The Federation of Indian Export Organizations (FIEO) continues to express high optimism about sustained export growth after outbound volumes in April, the first month of the fiscal year 2022-23, hit a new monthly high, at US$40 billion, followed by US$37 billion in May, up 15.5% year-on-year.
“The highest-ever exports of over US$37 billion during May of a fiscal year shows the continuous resilience of the exports sector amidst rising global uncertainties,” said A Sakthivel, president of FIEO, in a statement. “The government has announced a slew of measures to support exports, however, there is a need to rationalise exports of raw materials to push value-added exports, augment container manufacturing, developing an Indian shipping line of global repute, and logistics support for the sector looking at the higher freight cost.”

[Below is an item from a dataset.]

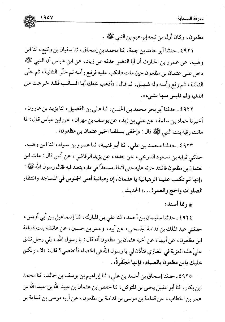 ٤٩٢٣ - حَدَّثَنَا مُحَمَّدُ بْنُ عَلِيٍّ، ثنا أَبُو قُتَيْبَةَ، ثنا عَمْرُو بْنُ سَوَادٍ، ثنا ابْنِ وَهْبٍ، حَدَّثَنِي ثَوَابَةُ بْنُ مَسْعُودٍ التَّنُوخِيُّ، عَنْ جَدَّتِهِ، عَنْ يَزِيدَ الرَّقَاشِيِّ، عَنْ أَنَسٍ، قَالَ: مَاتَ ابْنٌ لِعُثْمَانَ بْنِ مَظْعُونٍ فَاشْتَدَّ حُزْنُهُ عَلَيْهِ حَتَّى اتَّخَذَ مَسْجِدًا فِي دَارِهِ يَتَعَبَّدُ فِيهِ، فَقَالَ رَسُولُ اللهِ صَلَّى اللَّهُ عَلَيْهِ وَسَلَّمَ: «إِنَّهَا لَمْ تُكْتَبْ عَلَيْنَا الرَّهْبَانِيَّةُ يَا عُثْمَانُ، إِنَّ رَهْبَانِيَّةَ أُمَّتِي الْجُلُوسُ فِي الْمَسَاجِدِ وَانْتِظَارُ الصَّلَوَاتِ وَالْحَجُّ وَالْعُمْرَةُ» الْحَدِيثُ

Average rate levels on the India-US routes have been somewhat stable over the past two months.
According to the CN market analysis, contract rates in May remained steady at the levels seen in April — at US$10,100 per 20-foot container and US$12,700 per 40-foot box for bookings from West India to the US East Coast (New York), and at US$11,725 and US$14,765, respectively, for the US West Coast (Los Angeles). For the West India-US Gulf Coast trade, rates have remained stable at US$10,900 per 20-foot and US$13,700 per 40-foot container.